Ha you must have something up there otherwise you would'nt be going to university!!!! what you studying? don't go too complicated on me... i'm only a woman Lol


----------



## mikep1979 (Apr 29, 2009)

lol i dont mind rugby. used to play for the army team (along with box for them and played footy for them to).


----------



## Freddie99 (Apr 29, 2009)

I'm going to be studying Applied Biomedical Science. As far as skull damage goes, well, it's pretty thick! That or I just don't know when I've had the contents (?) of it scrambled by someone's knee or boot!


----------



## insulinaddict09 (Apr 29, 2009)

Tom Hreben said:


> I'm going to be studying Applied Biomedical Science. As far as skull damage goes, well, it's pretty thick! That or I just don't know when I've had the contents (?) of it scrambled by someone's knee or boot!

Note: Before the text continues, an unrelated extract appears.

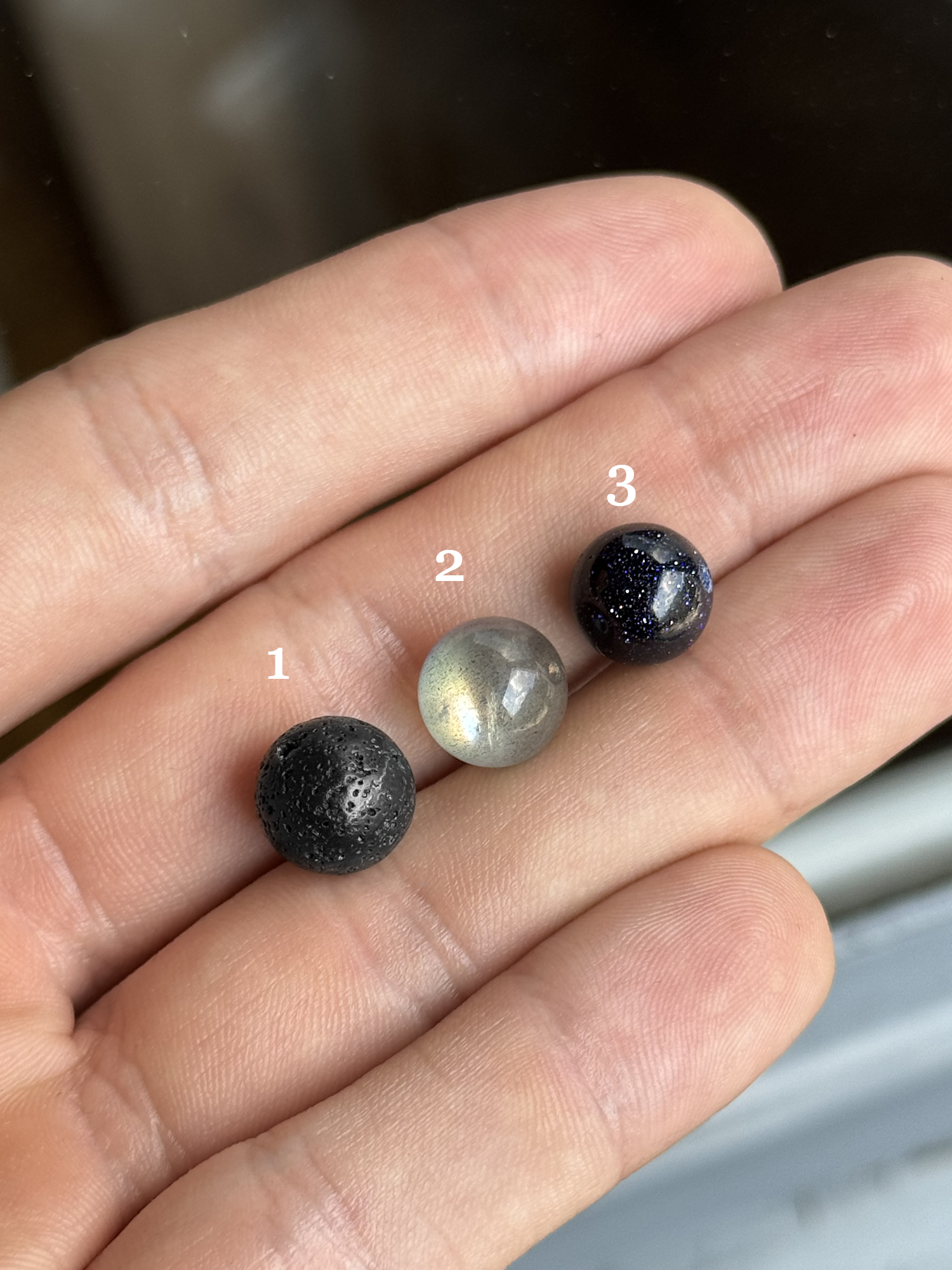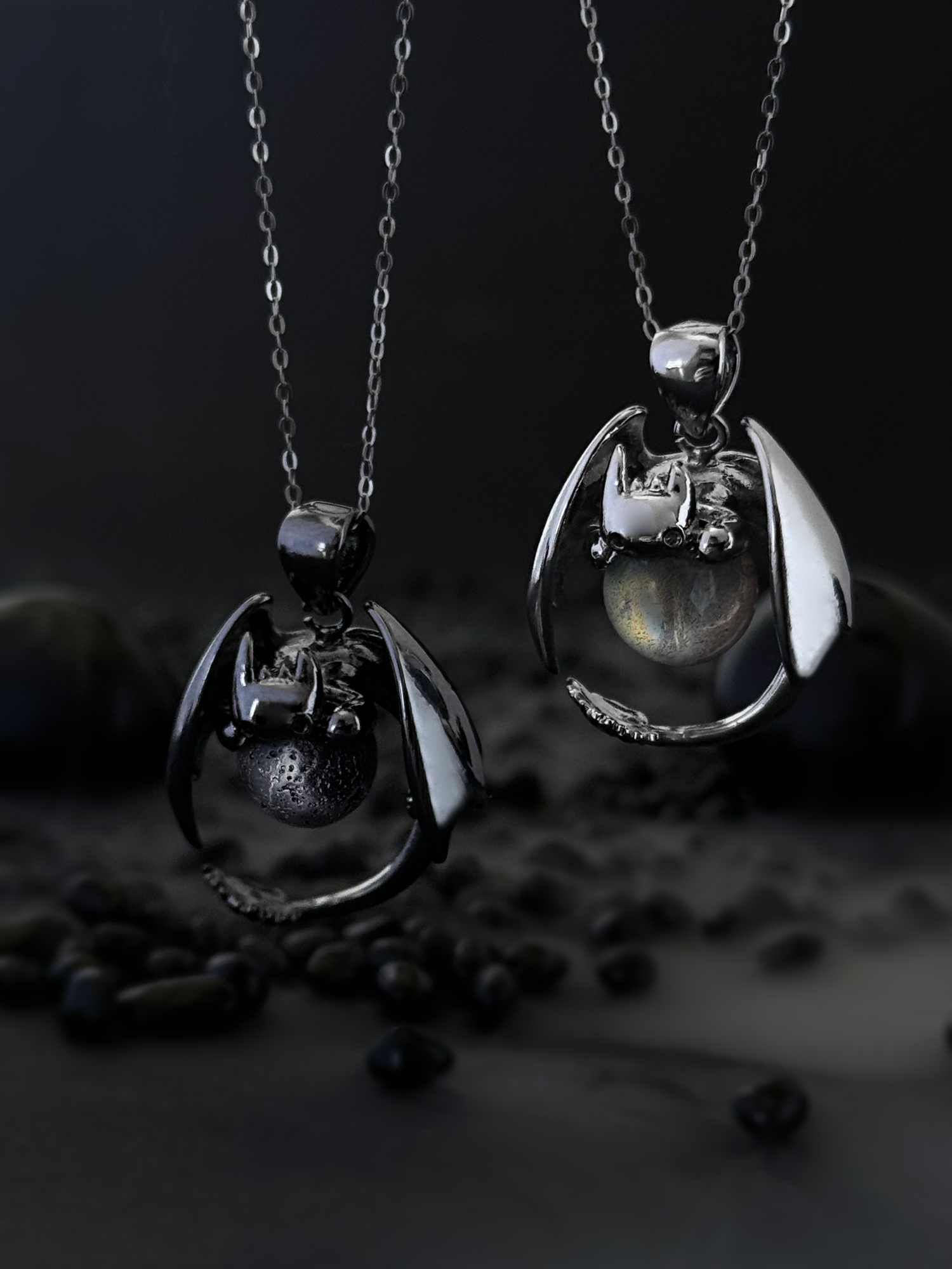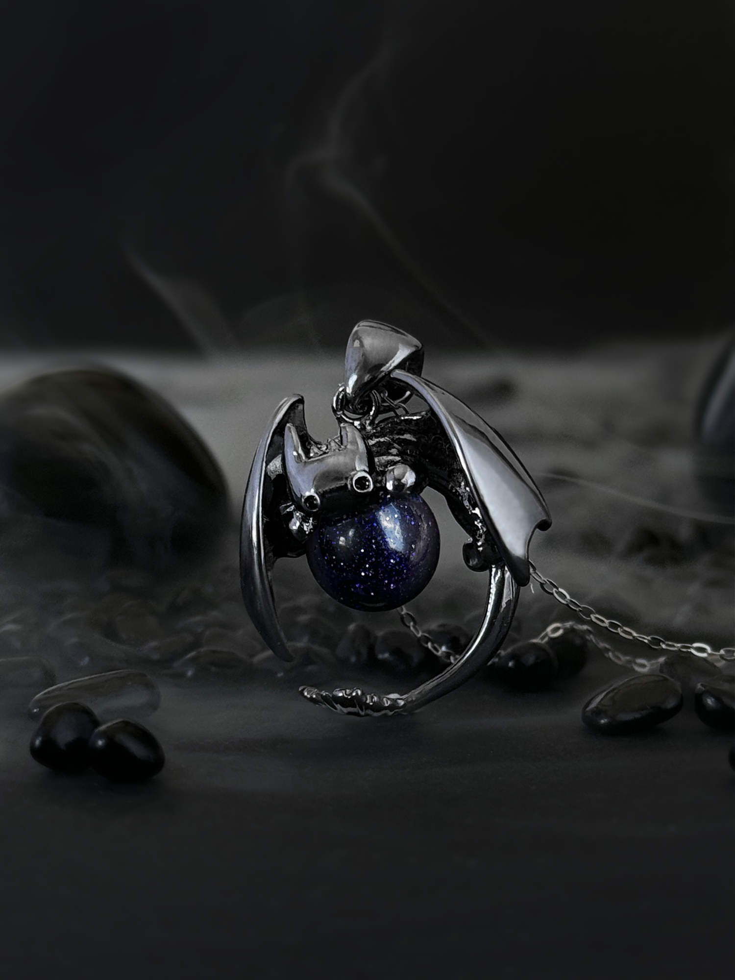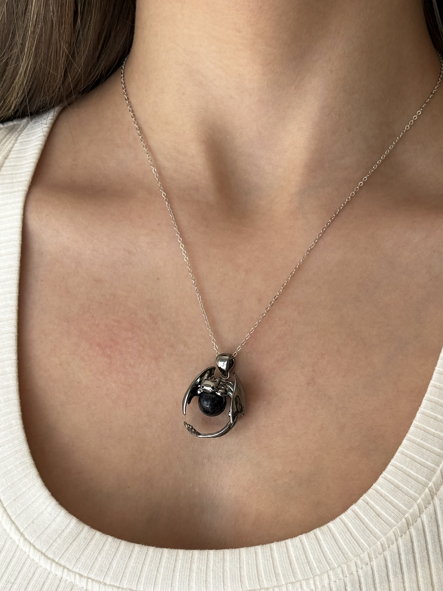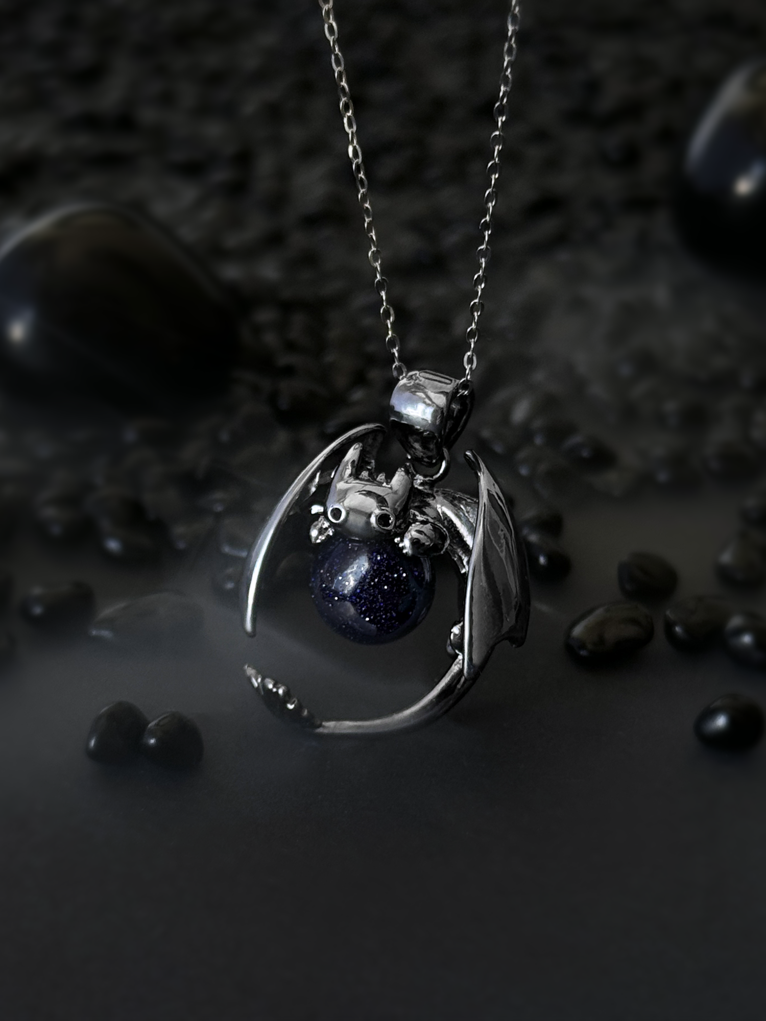 The necklace comes in the shape of a little dragon sleeping above a natural round bead: blue sandstone, moonstone or natural lava stone.

Wow... inteligence... in a man... didn't think it was possible Lol  Good luck at uni.. you'll have a scream


----------



## Freddie99 (Apr 29, 2009)

Intelligence in men is from time to time found...it's like when you're drinking and you reach the bottom of a pint only to see one of your mates has deposited some of the bar snacks in it...That's how you find male intelligence 

Tom


----------



## insulinaddict09 (Apr 29, 2009)

Tom Hreben said:


> Intelligence in men is from time to time found...it's like when you're drinking and you reach the bottom of a pint only to see one of your mates has deposited some of the bar snacks in it...That's how you find male intelligence
> 
> Tom



is that the edited version.... i'm sure you lads get up to worse that that!!! don't tell me ....oh go on then.... i'm sure iv'e heard worse from my mate "God"


----------



## mikep1979 (Apr 29, 2009)

did i hear my name being taken in vain!!!!!!!! lol


----------



## Freddie99 (Apr 29, 2009)

insulinaddict09 said:


> is that the edited version.... i'm sure you lads get up to worse that that!!! don't tell me ....oh go on then.... i'm sure iv'e heard worse from my mate "God"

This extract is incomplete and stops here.